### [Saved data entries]
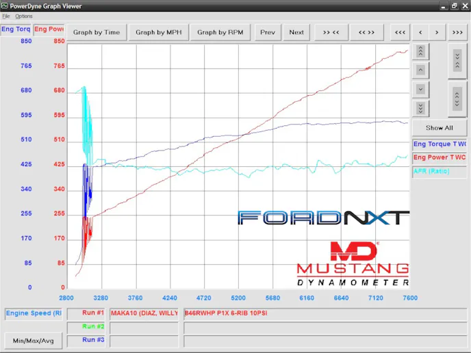 Obviously the ample fuel supply required some changes to the calibration as well, but what’s impressive is the new rear-wheel numbers were attained at the same 10-psi level as the previous gasoline-burning numbers, so there is likely still more on the table as the MAK crew keeps leaning on the latest Mustang.
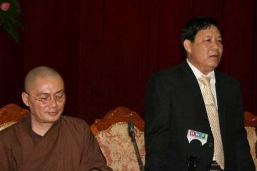| Thượng tọa Thích Minh Hiền và Trưởng ban tổ chức lễ hội chùa Hương Nguyễn Văn Hậu tại buổi thông tin báo chí chiều 7/1. Ảnh Nguyễn Dũng |
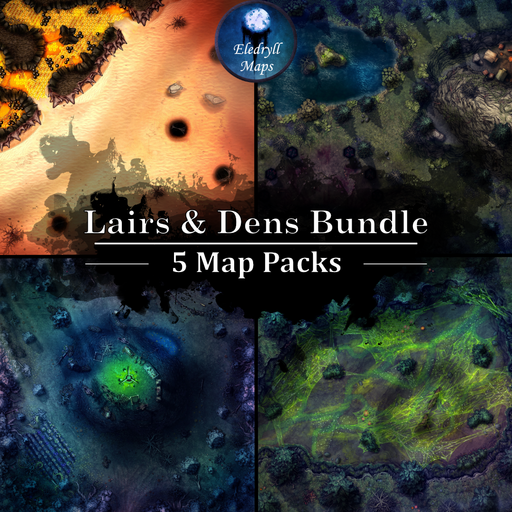 Monster's Lair — A cave opens its darkened maw in a small pinewood clearing. What may lurk inside ? It's up to your players to discover ! Dimensions : 40x30 ; PPI : 100 ; 12 maps
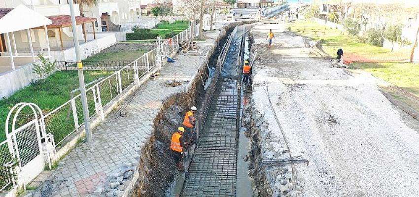 Sevgi plajı tarafında temelleri atılan ve Güzelçamlı Mahallesi’ne doğru devam eden çalışma kapsamında 1810 m menfez, 6766 m kanal ve 1285 m boru hattı inşa edilecek. Etkin bir çalışma yürütülen projede, beton boru ve ızgaralı kanalların oluşturacağı hat; aşırı yağışlarda oluşabilecek olumsuzlukların önüne geçecek ve yağmur suları sorunsuz bir şekilde denize deşarj edilecek. Çalışma yapılan alanda üstyapı işlerinin de bitmesiyle birlikte projesinin yaz sezonu öncesinde tamamlanması hedefleniyor.
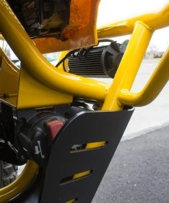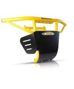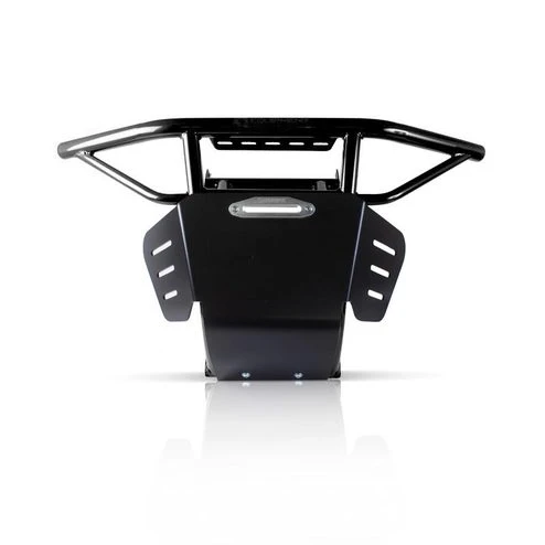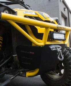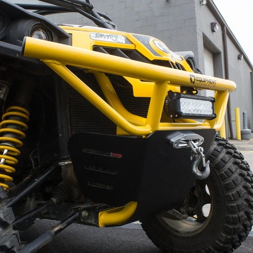 The HMF Defender HD Front Bumper for the Can-Am Commander is constructed from .095″ wall steel tubing and not only protects the front of the machine but offers an integrated winch mount plate for most winches up to 4,500lbs. Made from 1/8″ aluminum, the included skid plate protects against brush and other debris, while LED Lights and a UTV Fairlead (6″ hole spacing) can be installed for a complete setup.

### [Assignment]
The lines to be transcribed are those from the first line of the data above through the line holding "Monster's Lair —", inclusive; copy them exactly and only, leaving out the pictures.

### [Written answer]
 Obviously the ample fuel supply required some changes to the calibration as well, but what’s impressive is the new rear-wheel numbers were attained at the same 10-psi level as the previous gasoline-burning numbers, so there is likely still more on the table as the MAK crew keeps leaning on the latest Mustang.
| Thượng tọa Thích Minh Hiền và Trưởng ban tổ chức lễ hội chùa Hương Nguyễn Văn Hậu tại buổi thông tin báo chí chiều 7/1. Ảnh Nguyễn Dũng |
 Monster's Lair — A cave opens its darkened maw in a small pinewood clearing. What may lurk inside ? It's up to your players to discover ! Dimensions : 40x30 ; PPI : 100 ; 12 maps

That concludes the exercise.